Before you start the Bazel migration that will consume the next 12-18 months of your life, let's do the math on whether you actually need this nightmare.
The Real Questions Your PM Won't Ask
Do you have 500+ developers? No? Don't migrate. Seriously. Bazel's benefits only kick in at Google scale. Your team of 30 engineers will spend more time fighting Bazel than benefiting from it.
Is your current build genuinely broken? "It takes 5 minutes" is not broken. "It randomly fails and we can't figure out why" might be. But if Gradle works fine and your biggest complaint is waiting for tests, you're solving the wrong problem.
Do you have a dedicated build engineer? Bazel isn't something you set up once and forget. You need someone who understands Starlark, can debug remote execution failures, and won't quit when builds break for the third time this month.

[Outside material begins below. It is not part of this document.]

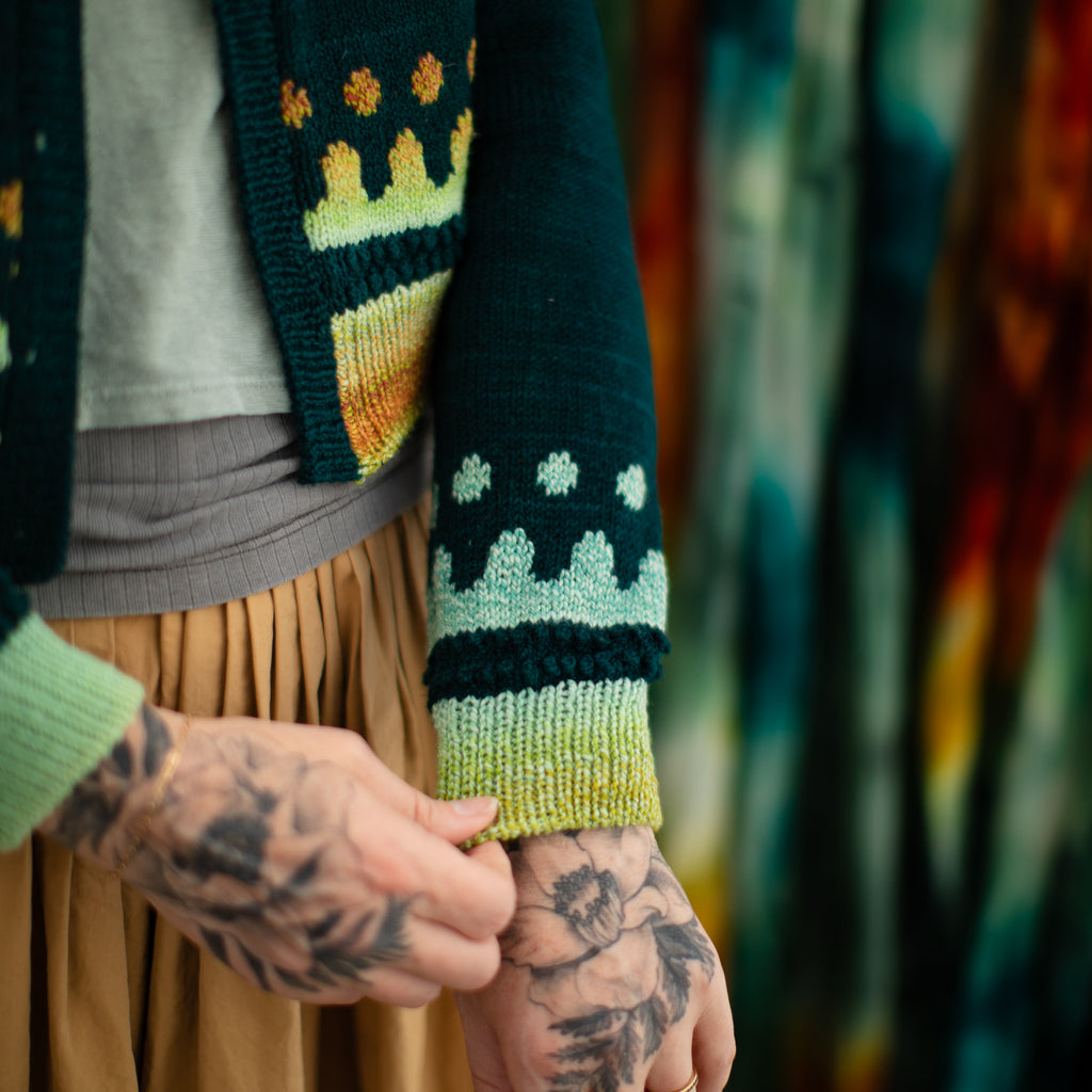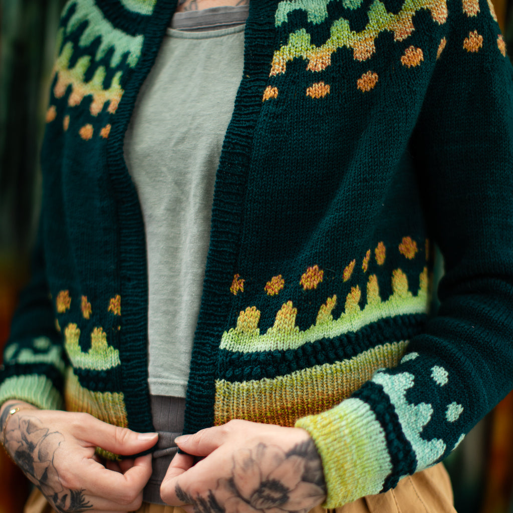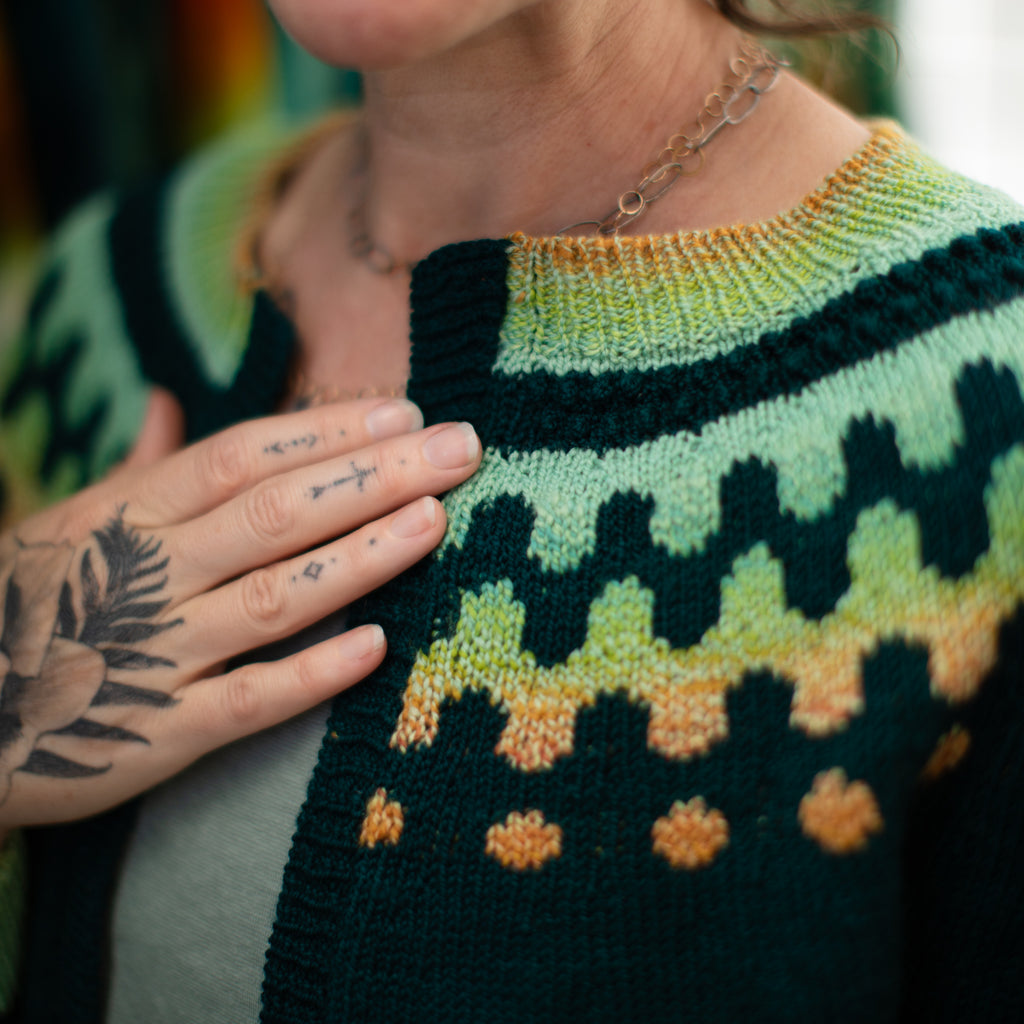 **Please note: This bundle is for the color combination that Rachel used in her sweater. While Rachel cardiganized her Ooey Gooey, the yardage provided in this bundle matches the written pattern and any yardage needed for modifications is not guaranteed.
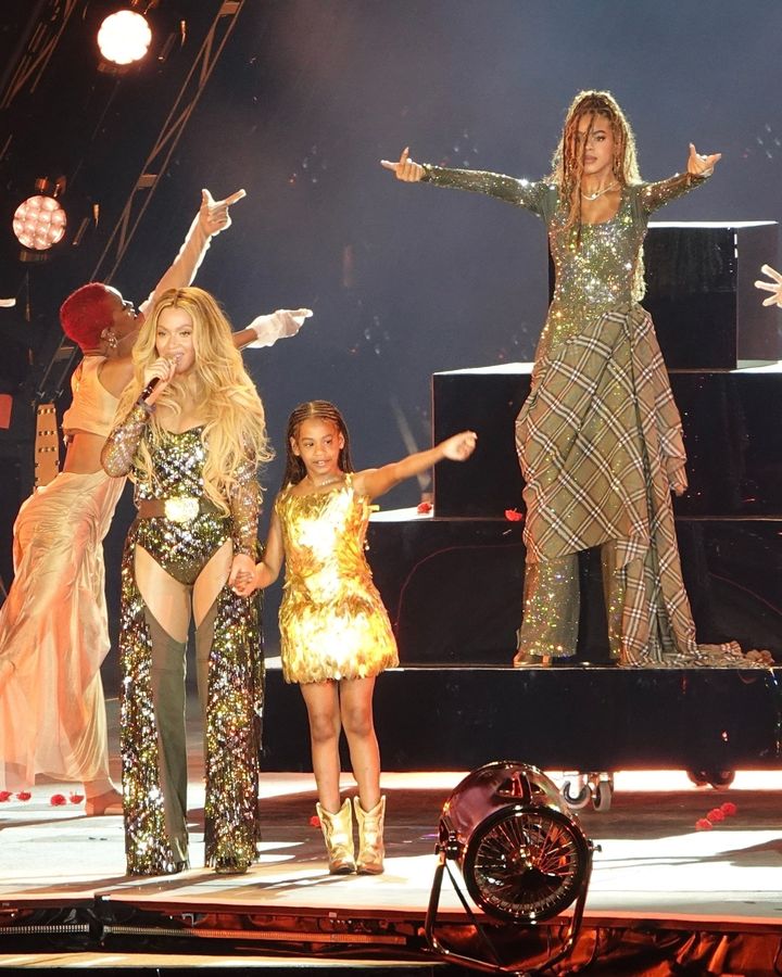 2023年、お揃いの衣装でステージ共演したビヨンセ&ブルー・アイビー親子。全面にストーン刺しゅうを施した長袖フットボールシャツは「IVY PARK × Addidas」。

The Pinterest Timeline That Scared Everyone
Pinterest's migration took 18 months with a dedicated team and they're considered a success story. Here's what they didn't tell you in their blog post:
- First 3 months: Learning Starlark and figuring out why nothing compiles
- Month 4-6: Rewriting every BUILD file and discovering dependency hell
- Month 7-12: Fighting with remote execution and blaming AWS
- Month 13-15: Migrating from WORKSPACE to Bzlmod because Google deprecated WORKSPACE
- Month 16-18: Actually getting builds working consistently
Their senior engineer quit in month 10. The quote was "I'd rather debug Jenkins than deal with another Bazel error message."
What "Hermetic Builds" Actually Means
Bazel promises hermetic builds - your build only uses inputs you declare. Sounds great until you realize:
Your build depends on shit you didn't know about. That script that calls curl
to download something? Dead. The test that reads /etc/hostname
? Dead. The binary that expects to find java
in PATH? Also dead.
System dependencies are everywhere. You'll spend weeks hunting down every place your code assumes GNU vs BSD tools, different Python versions, or that which gcc
returns something useful.
The sandboxing breaks everything creative. Any clever build hack your team did - running Docker in Docker, calling out to external tools, generating code by shelling out - all broken.
I watched a team spend 2 weeks debugging the stupidest shit. Tests passed locally, failed in Bazel CI with:
FATAL ERROR in native method: No timezone info found for America/New_York
Turned out the tests were reading timezone data from /usr/share/zoneinfo
and the sandbox doesn't include system directories. The "hermetic" fix? Vendor the entire fucking timezone database into their repo. 47MB of timezone data just to make tests pass.
This complexity is what makes Bazel migrations so painful - every hidden dependency becomes a sandbox violation you have to track down and fix.
The WORKSPACE → Bzlmod Migration Tax
Here's the fun part: WORKSPACE is dead. Bazel 9 removes it entirely. So if you migrate to Bazel now using WORKSPACE (because it's easier), you get to migrate again to Bzlmod within 2 years.
The Bzlmod migration breaks everything again:
- All your
load()
statements change - Repository names change
- Module resolution conflicts with your carefully crafted dependency versions
- Every BUILD file needs updates
Teams are literally migrating twice. First WORKSPACE, then Bzlmod 18 months later when the first migration is barely stable.
The Infrastructure Bill Nobody Budgeted
Remote execution isn't optional at scale - it's the only way Bazel makes sense. But nobody tells you the real costs:
Compute costs explode. You're not just running builds on your laptop anymore. Every build hits a cluster of machines. I've seen AWS bills jump from $2k/month to $15k/month overnight.
Network bandwidth matters. Uploading build artifacts to remote cache for every commit adds up fast. One team I know hit their corporate 10Gbps limit after 3 weeks of Bazel remote execution. They had to explain to their IT director why the build system was consuming more bandwidth than their entire customer-facing website.
Cache storage costs. The remote cache that makes everything fast? It needs petabytes of storage. Budget $5k+/month for cache infrastructure that actually works.
Dedicated ops team. Remote execution clusters need babysitting. Machines crash, caches corrupt, network partitions happen. You need someone on call for your build system.
When Migration Actually Makes Sense
You should migrate to Bazel if you look like Google:
- 1000+ engineers touching the same codebase
- Multi-language monorepo (Go + Java + Python + JavaScript)
- Build times measured in hours, not minutes
- Cross-language dependencies everywhere
- Dedicated platform team with Bazel expertise
Everyone else should probably stick with language-native tools and save themselves 18 months of pain.
The question isn't "Should we use Bazel?" It's "Are we big enough that the 18-month migration cost is justified?"
For most teams, the answer is no.